An Ode to Hospice Nursing

A hospice nurse's role contains several jobs in one, sort of like those Russian nesting dolls. Take a look at the many hats a hospice nurse wears, all from a fellow hospice nurse's point of view. Specialties Hospice Article

An Ode to Hospice Nursing

I’m a hospice nurse. At least, I was a hospice nurse until about a year ago, at which point I finally decided to choose life over death.

Back then my mornings consisted of pounding the New York City pavement. I’d rush to catch the express train at the corner of Lexington Avenue and 59th Street. I worked in downtown Manhattan, and my agency’s building wasn’t far from the New York Stock Exchange.

During my train rides, I’d sit next to people clad in black suits toting leather briefcases. I always suspected they worked in some Wall Street brokerage firm. We’d all get off the train and rush down the same worn cobblestone streets to make it to our desks before 9:00 a.m.
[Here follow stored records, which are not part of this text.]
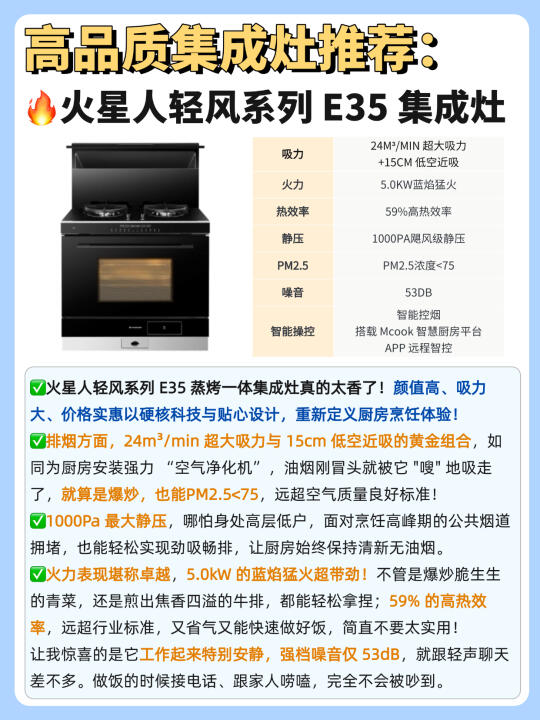 🔍轻风系列 E35 蒸烤一体集成灶是火星人(年度亿级单品),是集成灶界的黑马,颜值高、吸力大、价格实惠,备受年轻消费者喜爱。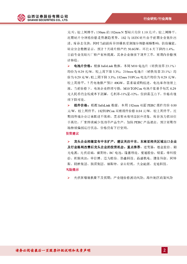 山西证券:太阳能行业周报:1-6月太阳能发电装机容量同比增长51.6%,产业链价格筑底.pdf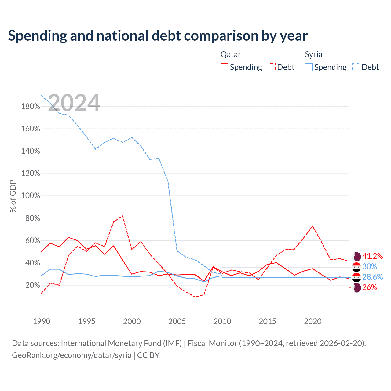 Qatar has $90.2B in government debt (41.2% of GDP), compared to $18.4B (30% of GDP) in Syria.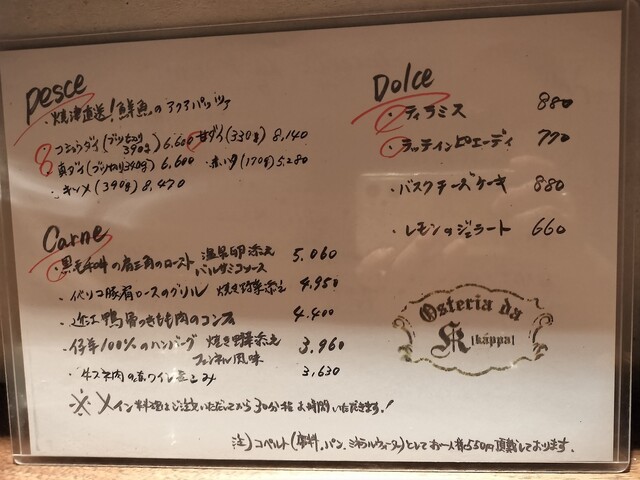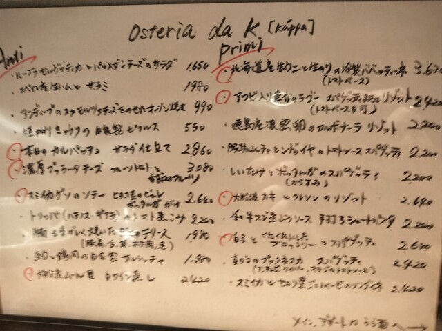 銀座にあるイタリアン。当日予約で入れました。開店から1時間でほぼ満員でした。一つ一つのポーションが小ぶり。このため、品数多く頼めます。料理はたった一人ですべて担当され、注文は一度にしてほしいと要望されました。2人で前菜2品、パスタやリゾットで2品、メイン1品です。注文は紙に書かれていますが、その記憶力はさすが。
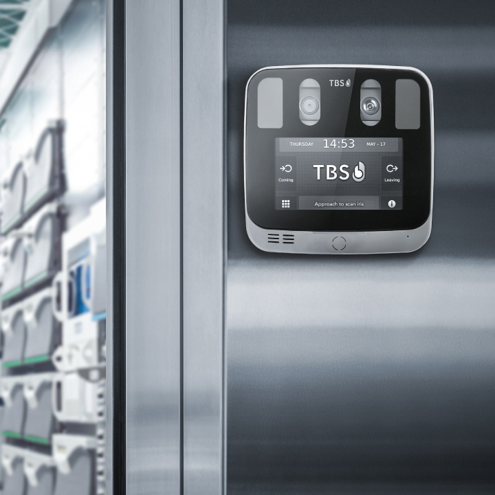 Iris recognition provides maximum security. It is used for access control and time tracking. Since the iris is captured without contact, this method is hygienic. Its security level is comparable to that of hand vein scanners. It is also suitable for very large groups of up to 10,000 people. Multi-factor authentication combining iris recognition with a PIN or RFID badge can be added for extra security.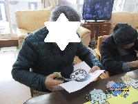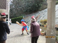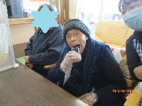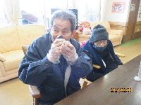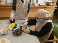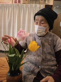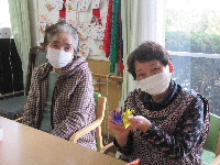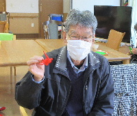 鬼に一生懸命豆を投げる御入居者様と静かに見守る御入居者様と

I blended in pretty well since I dressed in business casual clothing. I suspect that’s where the similarities ended, though. You see, most offices in downtown Manhattan were busy crunching numbers. Mine was making sure that people lived the last few months of their lives with purpose, dignity, and grace.

You’ll often hear people who work in hospice describe it as a philosophy. I’d agree with that. It’s the belief that people with an end-stage illness should maintain the highest possible quality of life. And that’s what attracted me to hospice in the first place. I’ve always seen life as being full of journeys. And to me, death is one of the most important trips that any of us will ever take. I wanted to make a difference during that process.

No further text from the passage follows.